# Getting warranty work on Kobalt tools



## Purrmaster (Sep 1, 2012)

The fence broke on my Kobalt tools miter saw. Suffice to say the saw is basically useless now. I've had the saw about a year and if memory serves it has a 3 year warranty.

I went on the Kobalt tools web site and couldn't find anything on who to contact or what to do to get it fixed under warranty.

Has anyone needed warranty work done on a Kobalt brand tool? What do you do to get a repair going?

Thanks.


----------



## davidmicraig (Nov 21, 2009)

I believe Kobalt is the signature brand under Lowes. Might want to try contacting your local store.


----------



## scrubpine (Sep 2, 2011)

Kobalt customer service 1-800-445-6937 . Good luck.


----------



## Purrmaster (Sep 1, 2012)

Thank you. I hope I don't have to ship the thing somewhere. Being rather heavy and large it would be hideously expensive.


----------



## toolie (Mar 16, 2011)

if the same model is still sold today, and it has a 3 year guaranty, a new one could be purchased and the damaged one returned with the new receipt. let them worry about the defective product.


----------



## tbandikoot (Sep 7, 2011)

I agree with Scrubpine; call Lowes/Kobalt customer support @ 1-800-445-6937 . Alternatively, take the broken item to your local Lowes store. Talk to the Service manager or Store manager if needed. In many cases Lowes maintains a very generous, no questions ask, replacement program.


----------



## BentheViking (May 19, 2011)

i considered getting that saw…hope it works out well for you


----------



## Purrmaster (Sep 1, 2012)

It's been a good saw, I'd recommend it over all. I was cutting some beech and the blade stuck in it, I think. I still don't entirely understand what happened.

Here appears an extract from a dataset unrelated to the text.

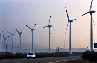 山東省風(fēng)能資源豐富,且經(jīng)濟(jì)發(fā)達(dá),對能源需求量也較大。風(fēng)電項因此成為山東省新能源領(lǐng)域利用外資的新亮點(diǎn)。據(jù)統(tǒng)計,近年來,山東共引進(jìn)風(fēng)電外資項目12個,總裝機(jī)容量521MW,總投資7.1億美元,合同外資1.2億美元,實(shí)際使用外資6900萬美元。圖為記者于12月28日在山東榮成市濱海大道拍攝的“風(fēng)車陣”。

If I could swap it out at Lowe's that would be ideal.

I'm pretty sure this is the result of most of the saw being made of aluminum. When I checked out miter saws it looked like they all had aluminum fences.


----------



## Handtooler (Jul 24, 2012)

Purrmaster, My daughter works at Lowe's and their policy is to accept and replace broken Kobalt tool items if you have the original receipt showing date of sale and store purchased from; no questions asked . If you don't have the receipt and purchased the tool by use of a credit card and provide that card to the returns counter they can look up date of purchase and amount paid. They'll give you a new item of the same model number or allow you to upgrade paying the difference in price. If you desire to sellect a lessor item they'll give you a store card for the amount of the original purchase.


----------



## Purrmaster (Sep 1, 2012)

Great information. Thank you. I do have the receipt.


----------



## MrRon (Jul 9, 2009)

Miter saws are made from aluminum. Imagine how heavy they would be if made of steel.


----------



## Purrmaster (Sep 1, 2012)

Good point. Though I wouldn't mind if the fences were made of steel. There's always titanium or carbon nano tubes.


----------



## BentheViking (May 19, 2011)

handtooler. Thanks for that info about the lowes return policy. i shop there a few times a week and that is just something good to know.


----------



## Knothead62 (Apr 17, 2010)

What Handtooler said- I had to do a return and they tracked it down on FRED (frustrating ridiculous electronic device).


----------



## spk527 (Mar 3, 2013)

Hey purrmaster, how did you make out with the broken kobalt saw fence. I have same saw and problem…my fence has 2 stress cracks in the casting at the center radius, now fence isn't straight. It's 2 days past Lowes return for exchange policy, so it's a warranty issue….which is 3 yrs.


----------



## lab7654 (Mar 31, 2012)

I've never returned any store-brand items under warranty, and I've only ever had to return one online-bought item. My experience with JET customer service was pleasant. They gave me a code to get paid postage on the machine in question, which was a 10 inch benchtop jointer/planer. Very smooth process, I sent it out on a monday and had a new one on my doorstep by friday afternoon. This isn't very relevant to your situation, but I thought I would ease your mind about having to pay for shipping on warranty returns.


----------



## AlaskaGuy (Jan 29, 2012)

I assume the reason for buy Kobalt is price. If you start adding steel parts the price is going up.

There are cast iron miter saw but the cost more.

http://www.omgainc.com/productfamily_detail.php?cid=2&sub_id=0&pid=11


----------



## Kazooman (Jan 20, 2013)

Two days or not, I would take the saw back to the store and demand (ask politely for) a replacement.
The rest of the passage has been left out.